#### [Required action]
Quote the records below word for word, please, from the very first line through the one that contains "Vintage Ribbed Knit", and nothing beyond it.

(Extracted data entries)
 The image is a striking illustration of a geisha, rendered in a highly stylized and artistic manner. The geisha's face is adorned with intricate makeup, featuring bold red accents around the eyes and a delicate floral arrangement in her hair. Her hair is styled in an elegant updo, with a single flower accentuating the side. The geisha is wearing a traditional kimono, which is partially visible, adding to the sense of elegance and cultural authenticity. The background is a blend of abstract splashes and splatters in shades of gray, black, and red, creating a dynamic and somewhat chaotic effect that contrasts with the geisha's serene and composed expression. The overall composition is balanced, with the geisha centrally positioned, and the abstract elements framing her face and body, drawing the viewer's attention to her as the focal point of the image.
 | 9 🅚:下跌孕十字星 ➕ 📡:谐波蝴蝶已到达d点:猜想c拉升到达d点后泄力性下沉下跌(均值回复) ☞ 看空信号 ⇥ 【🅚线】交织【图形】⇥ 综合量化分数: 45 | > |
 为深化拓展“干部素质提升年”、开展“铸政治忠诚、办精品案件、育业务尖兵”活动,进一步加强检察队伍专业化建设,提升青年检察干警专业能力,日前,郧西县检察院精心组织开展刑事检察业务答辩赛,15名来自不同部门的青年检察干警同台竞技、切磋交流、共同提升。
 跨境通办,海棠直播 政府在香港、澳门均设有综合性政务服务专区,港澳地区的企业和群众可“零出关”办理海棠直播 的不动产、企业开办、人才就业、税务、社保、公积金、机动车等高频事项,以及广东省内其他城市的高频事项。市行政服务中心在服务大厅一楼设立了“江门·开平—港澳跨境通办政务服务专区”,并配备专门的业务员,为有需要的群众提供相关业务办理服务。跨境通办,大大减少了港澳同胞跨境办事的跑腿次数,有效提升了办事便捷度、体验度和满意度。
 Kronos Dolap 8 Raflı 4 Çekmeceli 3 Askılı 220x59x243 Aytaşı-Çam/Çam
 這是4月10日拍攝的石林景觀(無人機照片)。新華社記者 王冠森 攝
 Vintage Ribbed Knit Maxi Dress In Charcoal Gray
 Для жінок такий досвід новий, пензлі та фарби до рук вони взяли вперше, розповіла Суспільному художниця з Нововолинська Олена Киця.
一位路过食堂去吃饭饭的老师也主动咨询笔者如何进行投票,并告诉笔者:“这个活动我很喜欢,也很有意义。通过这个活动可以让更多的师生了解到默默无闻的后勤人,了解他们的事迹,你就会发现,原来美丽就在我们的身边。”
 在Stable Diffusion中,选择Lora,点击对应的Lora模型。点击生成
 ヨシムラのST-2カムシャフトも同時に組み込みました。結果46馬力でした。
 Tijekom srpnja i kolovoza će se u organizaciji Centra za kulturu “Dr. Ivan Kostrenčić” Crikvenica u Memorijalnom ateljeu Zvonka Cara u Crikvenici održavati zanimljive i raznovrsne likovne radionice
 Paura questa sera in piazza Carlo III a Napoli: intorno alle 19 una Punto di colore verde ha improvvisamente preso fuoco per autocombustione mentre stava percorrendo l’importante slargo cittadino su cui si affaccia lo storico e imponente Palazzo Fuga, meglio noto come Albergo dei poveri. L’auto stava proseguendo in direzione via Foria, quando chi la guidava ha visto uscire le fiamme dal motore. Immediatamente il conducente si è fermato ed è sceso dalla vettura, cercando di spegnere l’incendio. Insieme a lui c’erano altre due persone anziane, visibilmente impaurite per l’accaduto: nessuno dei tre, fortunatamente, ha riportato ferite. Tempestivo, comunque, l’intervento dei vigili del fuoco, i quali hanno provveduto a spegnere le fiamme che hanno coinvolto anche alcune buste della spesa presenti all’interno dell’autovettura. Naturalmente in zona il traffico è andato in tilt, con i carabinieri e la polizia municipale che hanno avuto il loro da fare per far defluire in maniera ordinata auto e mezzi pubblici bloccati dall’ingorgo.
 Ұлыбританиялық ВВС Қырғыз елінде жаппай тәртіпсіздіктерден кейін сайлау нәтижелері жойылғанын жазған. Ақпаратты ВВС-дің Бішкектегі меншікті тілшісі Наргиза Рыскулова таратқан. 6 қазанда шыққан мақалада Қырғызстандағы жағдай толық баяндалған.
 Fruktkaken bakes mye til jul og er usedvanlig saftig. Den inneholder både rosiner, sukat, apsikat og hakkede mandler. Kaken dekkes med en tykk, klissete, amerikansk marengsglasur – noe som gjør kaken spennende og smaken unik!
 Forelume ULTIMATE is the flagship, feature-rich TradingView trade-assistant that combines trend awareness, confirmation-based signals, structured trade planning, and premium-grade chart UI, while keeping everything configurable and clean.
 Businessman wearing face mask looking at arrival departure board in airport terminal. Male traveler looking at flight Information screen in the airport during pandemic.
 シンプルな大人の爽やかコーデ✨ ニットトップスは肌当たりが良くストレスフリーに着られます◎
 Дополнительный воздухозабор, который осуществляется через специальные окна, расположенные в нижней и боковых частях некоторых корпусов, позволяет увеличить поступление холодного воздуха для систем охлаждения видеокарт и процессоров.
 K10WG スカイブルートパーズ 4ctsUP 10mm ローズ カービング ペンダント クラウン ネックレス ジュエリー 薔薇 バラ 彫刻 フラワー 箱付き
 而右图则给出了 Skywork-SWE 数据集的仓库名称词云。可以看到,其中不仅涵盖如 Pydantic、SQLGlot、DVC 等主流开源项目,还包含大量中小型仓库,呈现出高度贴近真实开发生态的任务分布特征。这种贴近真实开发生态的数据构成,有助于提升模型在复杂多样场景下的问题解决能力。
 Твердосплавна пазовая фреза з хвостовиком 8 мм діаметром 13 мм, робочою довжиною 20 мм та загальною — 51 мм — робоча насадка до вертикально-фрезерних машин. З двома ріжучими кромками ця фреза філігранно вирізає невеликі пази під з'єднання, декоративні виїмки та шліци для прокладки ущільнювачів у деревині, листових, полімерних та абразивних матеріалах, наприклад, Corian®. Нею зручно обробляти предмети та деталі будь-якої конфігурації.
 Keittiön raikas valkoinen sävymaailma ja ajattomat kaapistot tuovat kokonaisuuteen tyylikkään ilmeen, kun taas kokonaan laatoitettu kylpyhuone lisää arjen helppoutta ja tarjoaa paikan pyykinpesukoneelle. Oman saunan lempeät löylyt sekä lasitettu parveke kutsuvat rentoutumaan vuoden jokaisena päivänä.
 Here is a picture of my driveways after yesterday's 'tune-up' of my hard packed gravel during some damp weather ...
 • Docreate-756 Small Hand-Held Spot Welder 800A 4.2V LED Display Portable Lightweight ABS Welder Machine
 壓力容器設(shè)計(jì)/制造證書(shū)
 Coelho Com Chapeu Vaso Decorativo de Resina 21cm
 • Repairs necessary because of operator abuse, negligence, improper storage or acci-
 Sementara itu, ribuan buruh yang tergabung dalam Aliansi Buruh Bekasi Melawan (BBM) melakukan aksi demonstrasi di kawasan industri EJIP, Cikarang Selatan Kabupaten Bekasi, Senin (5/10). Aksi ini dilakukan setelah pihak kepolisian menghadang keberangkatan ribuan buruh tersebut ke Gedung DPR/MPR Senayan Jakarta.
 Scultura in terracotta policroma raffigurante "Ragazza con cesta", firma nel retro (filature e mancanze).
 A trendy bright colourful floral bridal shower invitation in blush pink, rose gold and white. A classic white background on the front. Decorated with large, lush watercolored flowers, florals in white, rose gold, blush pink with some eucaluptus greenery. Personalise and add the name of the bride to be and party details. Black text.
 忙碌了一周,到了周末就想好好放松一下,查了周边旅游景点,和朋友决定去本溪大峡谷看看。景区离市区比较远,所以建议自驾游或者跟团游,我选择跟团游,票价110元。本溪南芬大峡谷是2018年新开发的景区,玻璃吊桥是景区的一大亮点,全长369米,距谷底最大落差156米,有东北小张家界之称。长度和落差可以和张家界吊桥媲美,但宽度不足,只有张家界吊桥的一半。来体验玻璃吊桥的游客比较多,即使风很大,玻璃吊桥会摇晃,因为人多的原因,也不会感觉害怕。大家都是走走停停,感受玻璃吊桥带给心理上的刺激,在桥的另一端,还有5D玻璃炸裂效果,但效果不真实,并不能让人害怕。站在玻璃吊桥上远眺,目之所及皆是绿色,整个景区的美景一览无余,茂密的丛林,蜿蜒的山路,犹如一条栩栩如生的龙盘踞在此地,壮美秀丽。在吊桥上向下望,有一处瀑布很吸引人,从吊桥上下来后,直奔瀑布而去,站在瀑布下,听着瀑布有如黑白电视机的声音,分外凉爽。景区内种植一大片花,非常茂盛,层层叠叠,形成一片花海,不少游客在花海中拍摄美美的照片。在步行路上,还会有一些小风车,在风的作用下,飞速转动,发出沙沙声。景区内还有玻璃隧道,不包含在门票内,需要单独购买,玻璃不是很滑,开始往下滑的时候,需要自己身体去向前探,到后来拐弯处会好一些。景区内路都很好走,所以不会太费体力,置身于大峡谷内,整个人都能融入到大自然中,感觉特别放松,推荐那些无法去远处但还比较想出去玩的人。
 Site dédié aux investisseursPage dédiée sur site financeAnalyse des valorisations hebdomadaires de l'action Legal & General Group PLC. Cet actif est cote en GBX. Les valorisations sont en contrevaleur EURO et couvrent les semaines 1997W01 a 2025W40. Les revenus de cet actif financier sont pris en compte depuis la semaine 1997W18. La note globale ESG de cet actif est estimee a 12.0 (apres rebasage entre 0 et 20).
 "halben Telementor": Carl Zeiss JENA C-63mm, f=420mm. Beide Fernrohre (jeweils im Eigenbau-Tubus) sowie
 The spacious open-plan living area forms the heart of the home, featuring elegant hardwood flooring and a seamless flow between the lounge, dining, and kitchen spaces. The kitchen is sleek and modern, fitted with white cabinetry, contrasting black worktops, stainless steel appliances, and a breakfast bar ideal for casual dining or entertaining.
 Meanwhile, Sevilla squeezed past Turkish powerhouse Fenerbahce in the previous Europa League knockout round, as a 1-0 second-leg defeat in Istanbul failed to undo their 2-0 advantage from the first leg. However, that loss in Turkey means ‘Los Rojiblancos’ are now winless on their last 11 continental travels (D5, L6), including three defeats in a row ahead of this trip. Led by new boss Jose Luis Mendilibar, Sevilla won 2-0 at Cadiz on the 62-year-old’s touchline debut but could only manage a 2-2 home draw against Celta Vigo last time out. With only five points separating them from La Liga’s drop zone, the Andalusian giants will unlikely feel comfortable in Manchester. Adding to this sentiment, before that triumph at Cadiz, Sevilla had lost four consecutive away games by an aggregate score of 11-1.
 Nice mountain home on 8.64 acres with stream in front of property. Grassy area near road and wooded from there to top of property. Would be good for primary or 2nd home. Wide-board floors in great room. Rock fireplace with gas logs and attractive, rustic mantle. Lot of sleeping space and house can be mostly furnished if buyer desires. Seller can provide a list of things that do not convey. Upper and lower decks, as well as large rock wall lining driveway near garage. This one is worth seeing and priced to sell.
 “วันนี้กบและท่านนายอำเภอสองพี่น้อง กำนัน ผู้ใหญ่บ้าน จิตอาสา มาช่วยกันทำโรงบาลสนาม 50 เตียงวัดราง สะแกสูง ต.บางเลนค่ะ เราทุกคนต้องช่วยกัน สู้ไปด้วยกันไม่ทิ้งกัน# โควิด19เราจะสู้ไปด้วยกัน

#### [Exercise response]
 The image is a striking illustration of a geisha, rendered in a highly stylized and artistic manner. The geisha's face is adorned with intricate makeup, featuring bold red accents around the eyes and a delicate floral arrangement in her hair. Her hair is styled in an elegant updo, with a single flower accentuating the side. The geisha is wearing a traditional kimono, which is partially visible, adding to the sense of elegance and cultural authenticity. The background is a blend of abstract splashes and splatters in shades of gray, black, and red, creating a dynamic and somewhat chaotic effect that contrasts with the geisha's serene and composed expression. The overall composition is balanced, with the geisha centrally positioned, and the abstract elements framing her face and body, drawing the viewer's attention to her as the focal point of the image.
 | 9 🅚:下跌孕十字星 ➕ 📡:谐波蝴蝶已到达d点:猜想c拉升到达d点后泄力性下沉下跌(均值回复) ☞ 看空信号 ⇥ 【🅚线】交织【图形】⇥ 综合量化分数: 45 | > |
 为深化拓展“干部素质提升年”、开展“铸政治忠诚、办精品案件、育业务尖兵”活动,进一步加强检察队伍专业化建设,提升青年检察干警专业能力,日前,郧西县检察院精心组织开展刑事检察业务答辩赛,15名来自不同部门的青年检察干警同台竞技、切磋交流、共同提升。
 跨境通办,海棠直播 政府在香港、澳门均设有综合性政务服务专区,港澳地区的企业和群众可“零出关”办理海棠直播 的不动产、企业开办、人才就业、税务、社保、公积金、机动车等高频事项,以及广东省内其他城市的高频事项。市行政服务中心在服务大厅一楼设立了“江门·开平—港澳跨境通办政务服务专区”,并配备专门的业务员,为有需要的群众提供相关业务办理服务。跨境通办,大大减少了港澳同胞跨境办事的跑腿次数,有效提升了办事便捷度、体验度和满意度。
 Kronos Dolap 8 Raflı 4 Çekmeceli 3 Askılı 220x59x243 Aytaşı-Çam/Çam
 這是4月10日拍攝的石林景觀(無人機照片)。新華社記者 王冠森 攝
 Vintage Ribbed Knit Maxi Dress In Charcoal Gray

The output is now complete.